Cars are crazy expensive here, but luckily not as expensive as in the past countries i have lived and owned a car. But coming from US you will be shocked


----------



## Immiseek (Oct 17, 2012)

I think it is really going to hit me hard, since cars in Muscat are way cheaper than most of the countries, approx 2 times lesser than India. I remember buying the Prado at 40K AUD(approx) two years ago. I feel that it'll not be worth importing it to Aus. Anybody with the exp in imporing may pls share it with me.


----------



## rezcowgirl (Feb 9, 2010)

S58cRenu said:


> I tried to search for this but I need some guidance on this.
> 
> Simply . . .
> 
> ...


I think its a good question. Aside from your family size dictating car needs, & your location (outback versus city) perhaps dictating car type, I would say:
1. Buy a used car that you can pay for outright because you may not get immediate credit upon arrival in your new country, not having established any credit yet there.
2. Buy a car that is known to keep its value in case you want or need to leave then you won't have depreciated as much. Generally I think Honda holds good value.


----------



## espresso (Nov 2, 2012)

Hi S58cRenu, 



S58cRenu said:


> But, this post was more about creating some excitement about what migrants are sporting over there


We are using bicycles at the moment, to be honest . 

Reid Cycles is cheap and I'd say you are just as fast as the bus during peak traffic times. It really depends on where you live, though. We are based in Sydney and live and work in the inner suburbs. It's quite interesting: Back home in Europe we had two cars in a 2-person-household... 

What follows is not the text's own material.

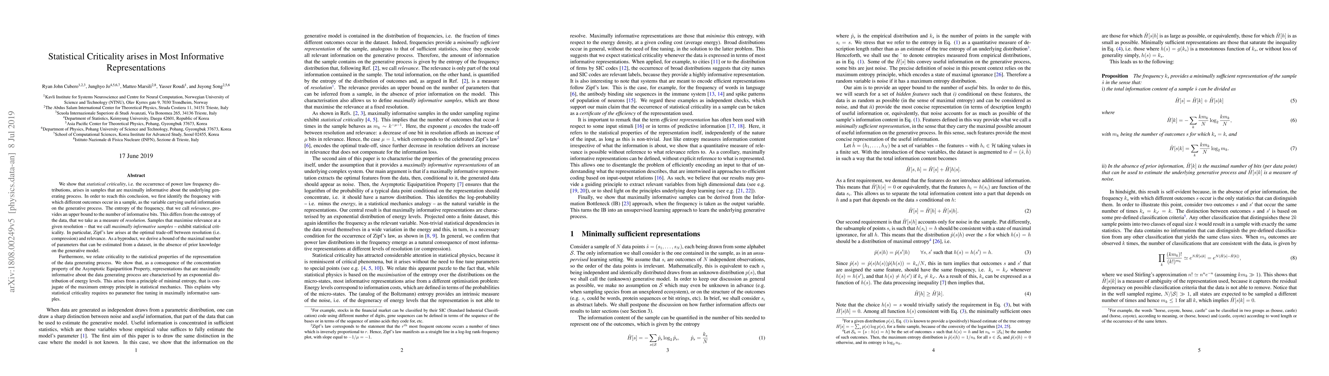 We show that statistical criticality, i.e. the occurrence of power law frequency distributions, arises in samples that are maximally informative about the underlying generating process. In order to reach this conclusion, we first identify the frequency with which different outcomes occur in a sample, as the variable carrying useful information on the generative process. The entropy of the frequency, that we call relevance, provides an upper bound to the number of informative bits. This differs from the entropy of the data, that we take as a measure of resolution. Samples that maximise relevance at a given resolution - that we call maximally informative samples - exhibit statistical criticality. In particular, Zipf's law arises at the optimal trade-off between resolution (i.e. compression) and relevance. As a byproduct, we derive a bound of the maximal number of parameters that can be estimated from a dataset, in the absence of prior knowledge on the generative model. Furthermore, we relate criticality to the statistical properties of the representation of the data generating process. We show that, as a consequence of the concentration property of the Asymptotic Equipartition Property, representations that are maximally informative about the data generating process are characterised by an exponential distribution of energy levels. This arises from a principle of minimal entropy, that is conjugate of the maximum entropy principle in statistical mechanics. This explains why statistical criticality requires no parameter fine tuning in maximally informative samples.

There are also car sharing services such as goget which we have not tried but my partner's Australian work colleagues recommended them. The city of Sydney lists some other car sharing companies on their webpage. It could be a good option for the first couple of weeks until you can find a permanent accommodation and know if you have a garage and how frequently you need a car. 

All the best, 
Monika


----------



## ozbound12 (Mar 23, 2012)

rezcowgirl said:


> I think its a good question. Aside from your family size dictating car needs, & your location (outback versus city) perhaps dictating car type, I would say:
> 1. Buy a used car that you can pay for outright because you may not get immediate credit upon arrival in your new country, not having established any credit yet there.
> 2. Buy a car that is known to keep its value in case you want or need to leave then you won't have depreciated as much. Generally I think Honda holds good value.


To get a car loan, you need to have worked at the same place for at least 3-6 months and have otherwise good credit.


----------



## rks890 (Jul 14, 2012)

S58cRenu said:


> I tried to search for this but I need some guidance on this.
> 
> Simply . . .
> 
> ...


go to carsales.com.au its the best site to look for cars.


----------



## BikePike (Apr 3, 2013)

S58cRenu said:


> I tried to search for this but I need some guidance on this.
> 
> Simply . . .
> 
> ...


4 x 4's?


----------



## UStoAusi (Nov 14, 2012)

BikePike said:


> 4 x 4's?


Hmm , why do we need 4x4 there? Unless you want to go off road.

Also I think, which car you drive in Australia doesn't make a big difference. Due to short distances ( unlike US) and high gas prices (fuel price is about 50% higher compared to US) you tend to use cheap and fuel efficient vehicles.


----------



## ozbound12 (Mar 23, 2012)

UStoAusi said:


> Hmm , why do we need 4x4 there? Unless you want to go off road.
> 
> Also I think, which car you drive in Australia doesn't make a big difference. Due to short distances ( unlike US) and high gas prices (fuel price is about 50% higher compared to US) you tend to use cheap and fuel efficient vehicles.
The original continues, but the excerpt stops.